À un conseiller municipal qui le taraudait, il a déjà dit: «Mon hostie, m'a t'en câlisser une dans le front.» Plus reptilien que ça, tu le fais! D'un manifestant antiguerre, il a dit que ce n'était pas ses idées qui étaient minables, mais l'individu lui-même. D'Alain Simard, qui a changé les dates des FrancoFolies, il a dit qu'il voulait se mettre un quart de million de plus dans les poches.

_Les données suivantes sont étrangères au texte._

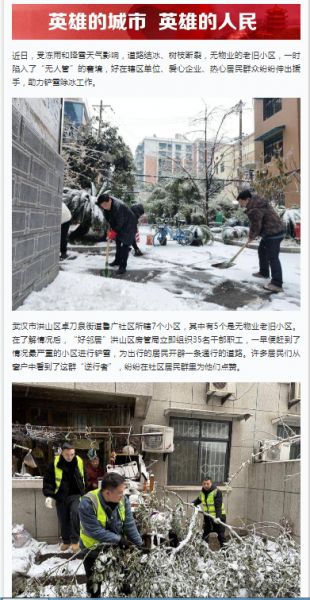 近日,武汉遭遇新一轮强降雪天气,路面交通受到严重影响。在这关键时刻,公司迅速响应,展现出企业的责任与担当。2024年2月22日,根据湖北省住建厅的号召,公司总经理王昌云亲自率队,带领22名干部职工组成铲雪突击队,深入武昌区洪山侧路、洪山广场

N'oublions pas ses origines politiques. Il est né, vraiment, d'un succès inattendu - le 400e. On le lui a attribué, non sans quelques raisons. Il en a conçu une vision politique grandiose de lui-même. Il porte le succès, il est le succès. Il se rêve et il rêve sa ville. Fini, la Vieille Capitale! Québec se tourne vers l'avenir! «Je veux vous entendre parler de vos rêves, surtout s'ils sont fous», a-t-il déjà dit aux gens de Québec.

Magnifique, le rêve. Freud ne disait-il pas que le rêve est la réalisation déguisée des désirs refoulés?

Malheur, donc, à ceux qui veulent le ramener au niveau des ponts et chaussées. À la réalité. Ceux-là ne le contredisent pas, ils remettent en question son existence politique même. Ils le tuent.

Veuillez maintenant faire parvenir cinq cents à l'adresse postale de La Presse. Merci.